I don’t want to live in a country where Trump could be held accountable.

USA TODAY Opinion columnist Rex Huppke.

From Rex Huppke, USA TODAY,  also reprinted on MSN.com

[* It is clear from the word choices, UPPER CASE WORDS, and quotation marks that this person’s article is saying the opposite of what he claims to be for or against. He is mocking at least half the country. — TPR]

Now that my favorite president, Donald Trump, is facing a 37-count indictment from the feds, I join with my brothers and sisters in MAGA, and with all sensible Republicans, in saying this: I’m not sure I want to live in a country where a former president can wave around classified documents he’s not supposed to have and say, “This is secret information. Look at this,” and then be held accountable for his actions.

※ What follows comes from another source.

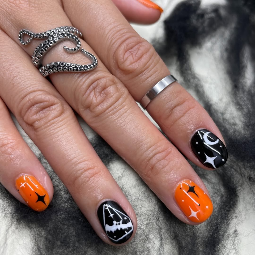 Crisp, graphic, and straight-up spellbinding. These shorties get a dose of cosmic cool with black and orange polish split between starbursts, moons, and witchy silhouettes. The sharp white detailing brings the whole thing to life like ink on parchment.

I mean, what kind of country have we become? One in which federal prosecutors can take “evidence” before a “grand jury,” and that grand jury can “vote to indict” a former president for 37 alleged “crimes”?  Look at all the other people out there in America, including Democrats like Hillary Clinton and President Joe Biden, who HAVEN’T been indicted for crimes on the flimsy excuse that there is no “evidence” they did crimes. THAT’S TOTALLY UNFAIR!

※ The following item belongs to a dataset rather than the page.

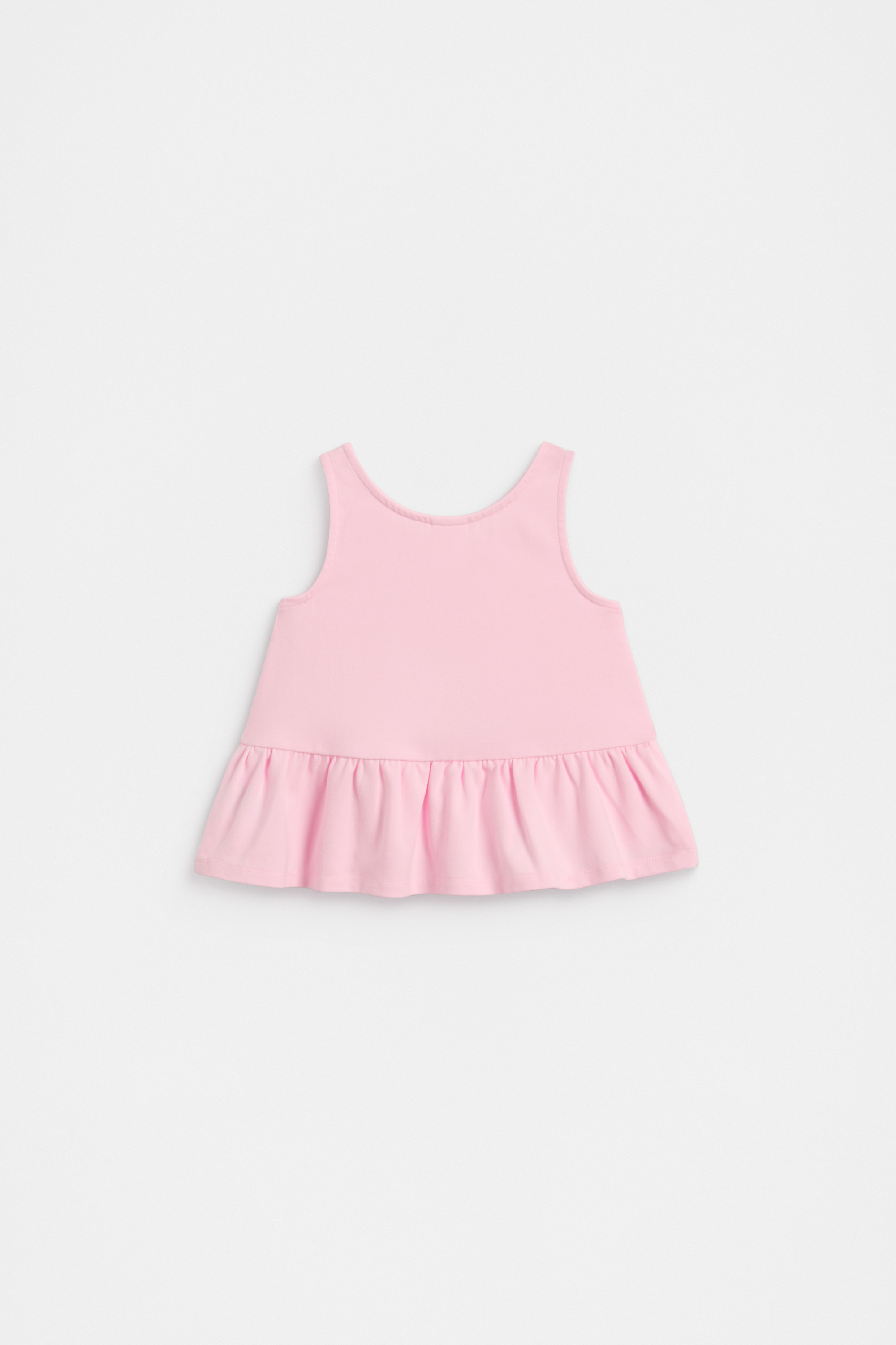This playful tank top is set to become a new favourite in her little wardrobe. Crafted in premium cotton, it features a round neck, an adorable ice cream design with a distressed effect, and a ruffle trim for added sweetness.

It’s like Republican Virginia Gov. Glenn Youngkin wrote in a tweet Friday: “These charges are unprecedented and it’s a sad day for our country, especially in light of what clearly appears to be a two-tiered justice system where some are selectively prosecuted, and others are not.”

TWO TIERS! One tier in which President Trump keeps getting indicted via both state and federal justice systems and another in which the people I don’t like keep getting not indicted via all the things Fox News tells me they did wrong.

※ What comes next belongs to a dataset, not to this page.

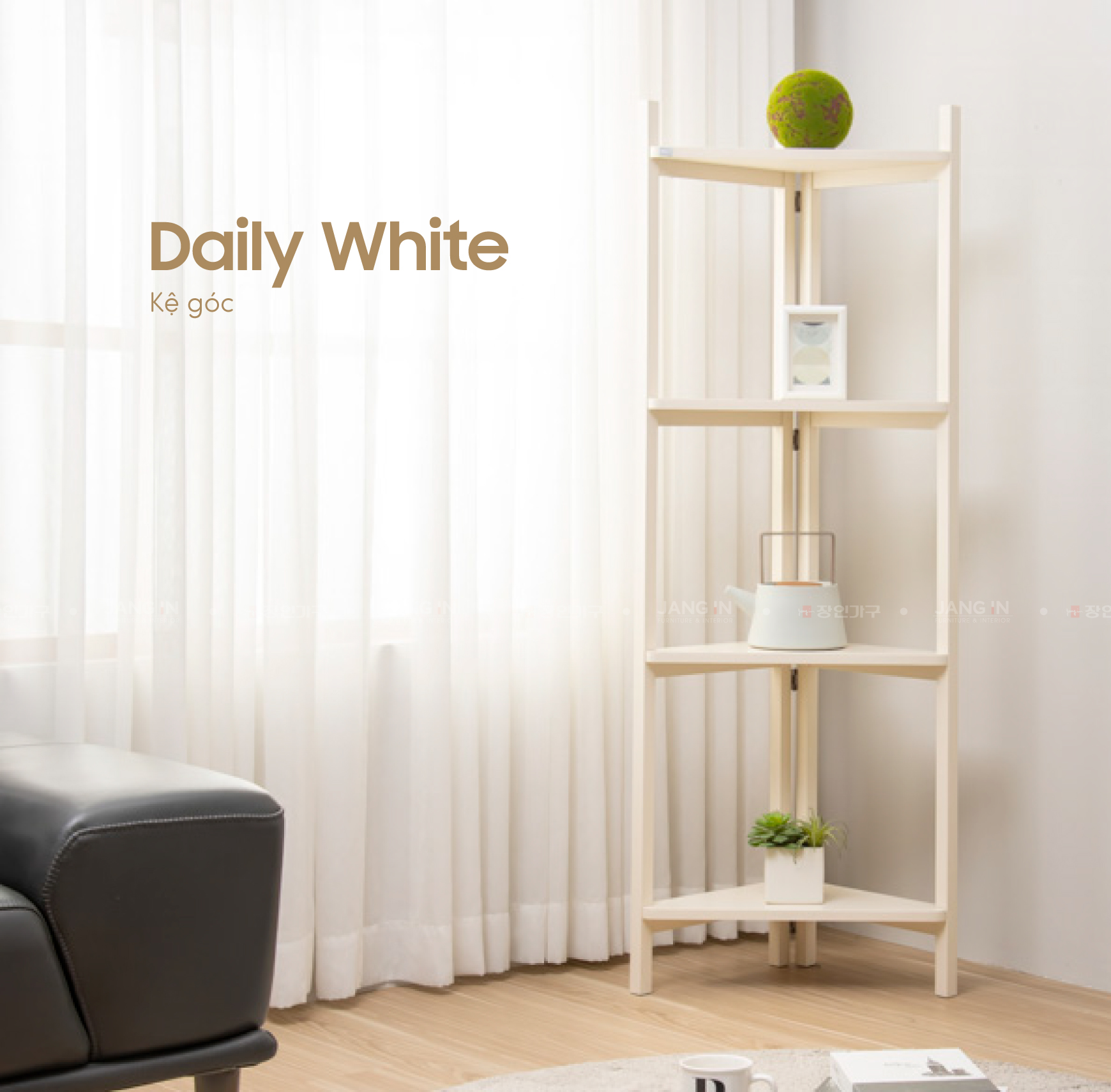 Kệ góc Daily White có thiết kế tinh tế và đẹp mắt được làm từ gỗ cao su tự nhiên mang lại cho bạn một không gian sống ấm cúng và lịch lãm.

It’s like America has become a banana republic, as long as you do as I’ve done and refuse to look up the definition of “banana republic.”

Sure, they’ll tell you that the indictment came via a special counsel investigation, and that the federal special counsel statute keeps such investigations walled off from political influence.

But that’s complete nonsense, unless we’re talking about special counsel John Durham, who was appointed by Attorney General Bill Barr while Trump was president and tasked with investigating the NEFARIOUS LEFT-WING CRIMES committed in the Trump-Russia probe. Durham was above reproach, and the fact that The New York Times reported he “charged no high-level F.B.I. or intelligence official with a crime and acknowledged in a footnote that Hillary Clinton’s 2016 presidential campaign did nothing prosecutable, either” is something I will ignore.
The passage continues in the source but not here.